Los objetivos terapéuticos en el anciano con diabetes dependen de varios factores, entre los que se encuentran el grado funcional del paciente, el estado cognitivo, la expectativa de vida, la duración de la diabetes, los antecedentes de enfermedad cardiovascular y la historia de hipoglucemias severas. Siguiendo las recomendaciones de la Sociedad Americana de Diabetes de 201311, los ancianos con diabetes que presenten un adecuado estado funcional y cognitivo con una larga expectativa de vida que les permita obtener los beneficios de un tratamiento intensivo de la diabetes a largo plazo pueden ser tratados con unos objetivos terapéuticos similares a los que se persiguen en el adulto joven con diabetes, evitando siempre el desarrollo de hipoglucemias (tabla 3).

 

DIABETES EN EL ANCIANO CON ENFERMEDAD RENAL

 

La diabetes es la principal causa de ERC en los países desarrollados. Además, en el individuo con diabetes, la ERC incrementa de forma notable la morbimortalidad cardiovascular y constituye la principal causa de tratamiento sustitutivo renal. Dada la alta prevalencia de ERC y DM en la población anciana, no es de extrañar que el porcentaje de individuos ancianos con ambos procesos sea también elevado. La prevalencia de ERC según criterios K/DOQI14 en los individuos (edad media, 67,9 ± 13 años) con DM tipo 2 controlados en Atención Primaria en nuestro país fue del 34,6 %20.
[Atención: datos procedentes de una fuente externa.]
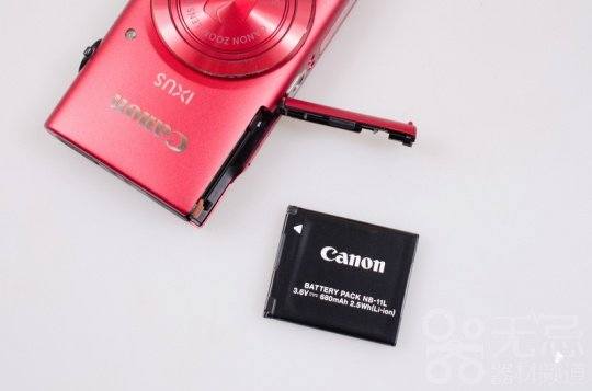 相机的底部是电池舱和存储卡插槽。这台小卡片采用了一块容量为680毫安的电池。这块电池的容量很显然比较小,如果需要长时间拍摄最好再多准备一块电池。
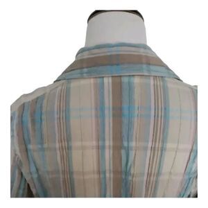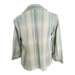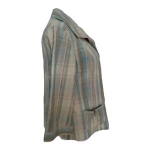 Christopher & Banks Stretch Women's 98% Cotton, Light Brown, Pink and Blue Plaid Pattern, Button Up, 3/4 Sleeve, Side Pockets Crinkle Blazer Size L. Great Pre-owned Condition with no visible defects, tears or stains. For material and care see pictures please.
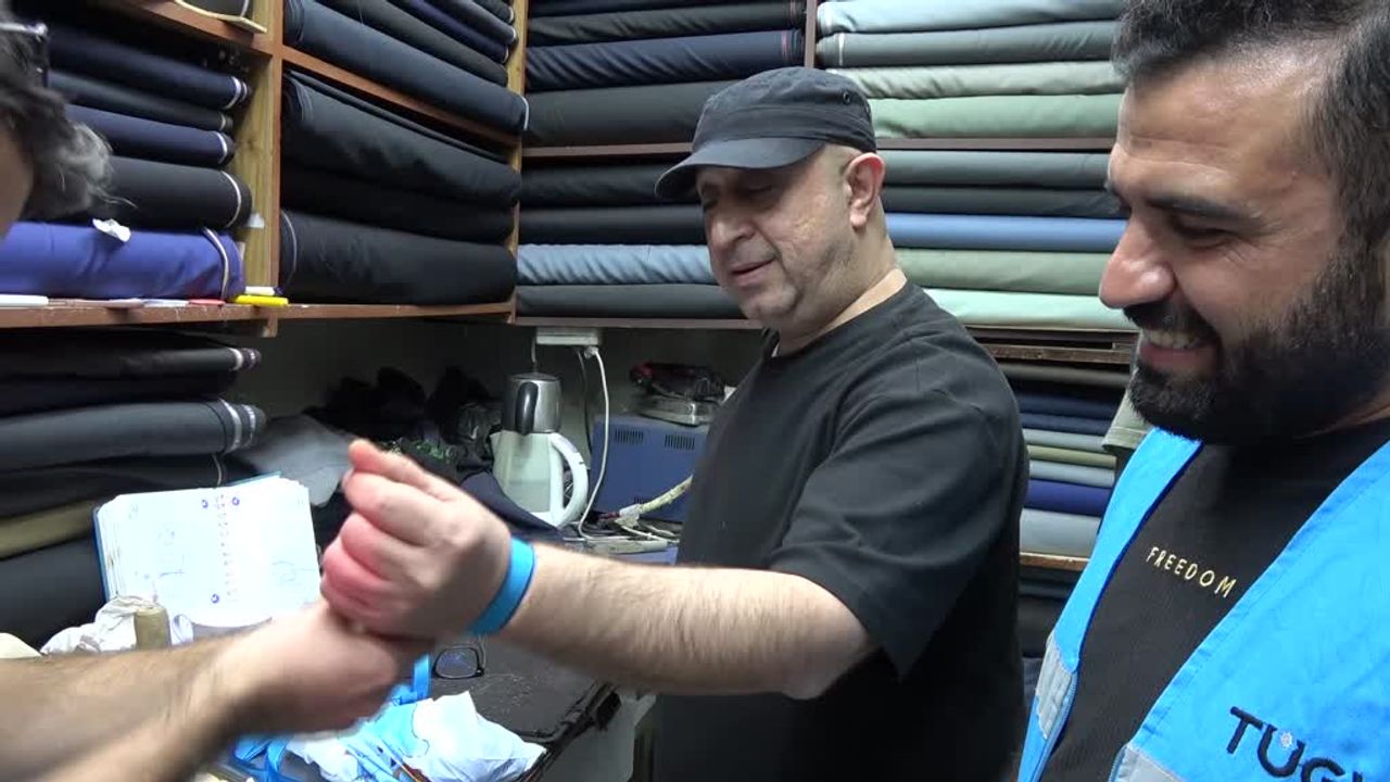 Vatandaşlara filo hakkında bilgi veren vakıf yöneticileri, bileklerine mavi kurdele takarak Küresel Sumud Filosu'na destek oldu.

Hoy día no existen estudios aleatorizados específicamente diseñados para pacientes ancianos con ERC y DM, por lo que debemos aplicar las conclusiones obtenidas en población adulta (tabla 4). El beneficio del control glucémico en el anciano con DM y ERC sería mayor en aquellos pacientes con DM de reciente diagnóstico, pacientes más jóvenes, con mayor expectativa de vida, menor afectación de la función renal y menor comorbilidad. Por el contrario, dicho beneficio sería menor en los ancianos frágiles con múltiples comorbilidades, alto riesgo de hipoglucemia y de caídas, y reducida esperanza de vida o pacientes geriátricos. Por ello, los objetivos de control glucémico deberían adaptarse al tipo de anciano con enfermedad renal, evitando en todo momento las complicaciones agudas (hipoglucemias y descompensación hiperglucémica hiperosmolar o cetoacidosis) de la DM.
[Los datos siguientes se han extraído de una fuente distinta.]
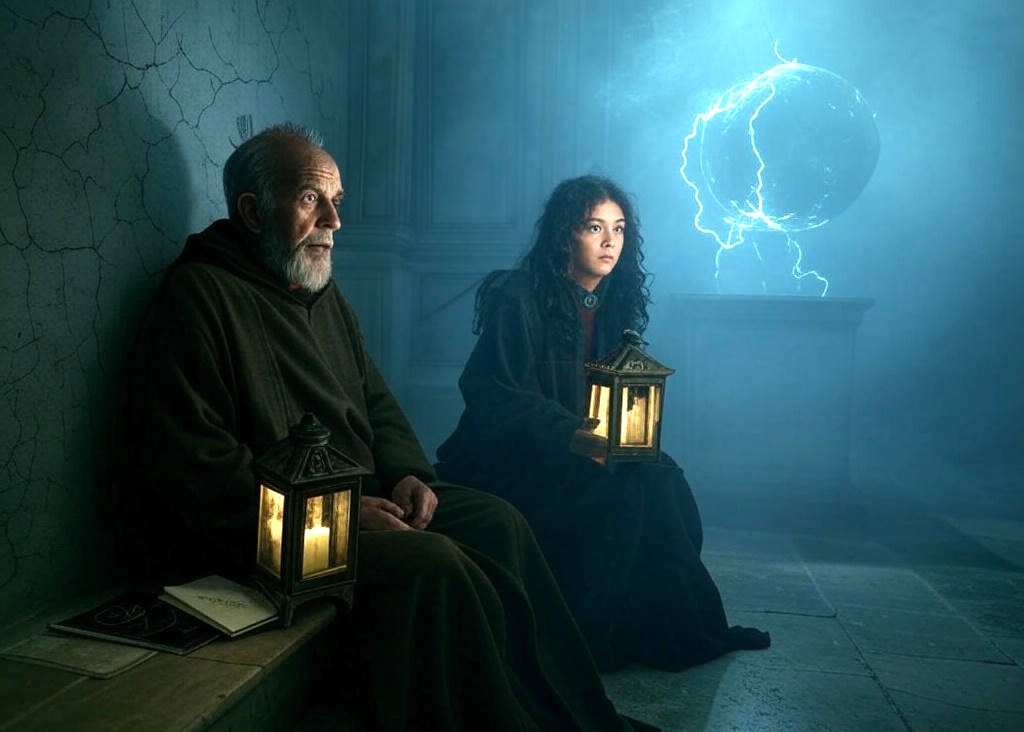 Una madrugada, Inés le preguntó: —¿Has oído hablar de los Custodios del Quinto Umbral? A lo que Elías respondió: —Solo conozco vaguedades. En el siglo XVII, estos individuos no eran ni monjes ni alquimistas, sino algo intermedio, una especie de puente entre dos mundos. La capilla se convirtió en un umbral entre la realidad y lo desconocido, y su obsesión por descubrir sus secretos creció con cada paso.
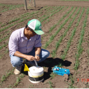 Photo Credit: Upendra Sainju. Dr. Sainju sampling greenhouse gases using a static chamber.

La estrategia terapéutica de la DM en el paciente anciano con ERC debe ser individualizada en función del objetivo de control glucémico previamente establecido y acordado con él, los familiares y/o los cuidadores. Correspondería al médico de Atención Primaria valorar la progresión de la enfermedad renal en el anciano para decidir si lo remite o no al especialista en Nefrología. Por otro lado, los otros factores de riesgo cardiovascular (hipertensión arterial, hiperlipemia, ERC, etc.) deberían ser abordados de forma integral e individualizada siguiendo las recomendaciones de las principales guías clínicas9,21,22.

 

FÁRMACOS ORALES

 

La terapia farmacológica de la hiperglucemia en el anciano con DM y ERC debería ser individualizada utilizando fármacos asociados al menor riesgo posible de hipoglucemia, para lo cual es necesario disminuir la dosis de algunos o evitar otros23-26. El tratamiento con antidiabéticos orales en fases iniciales (estadios 1 y 2) de la ERC es relativamente seguro. Sin embargo, en estadios avanzados (estadios 4 y 5) frecuentemente observados en población anciana, el riesgo de hipoglucemia se va incrementado.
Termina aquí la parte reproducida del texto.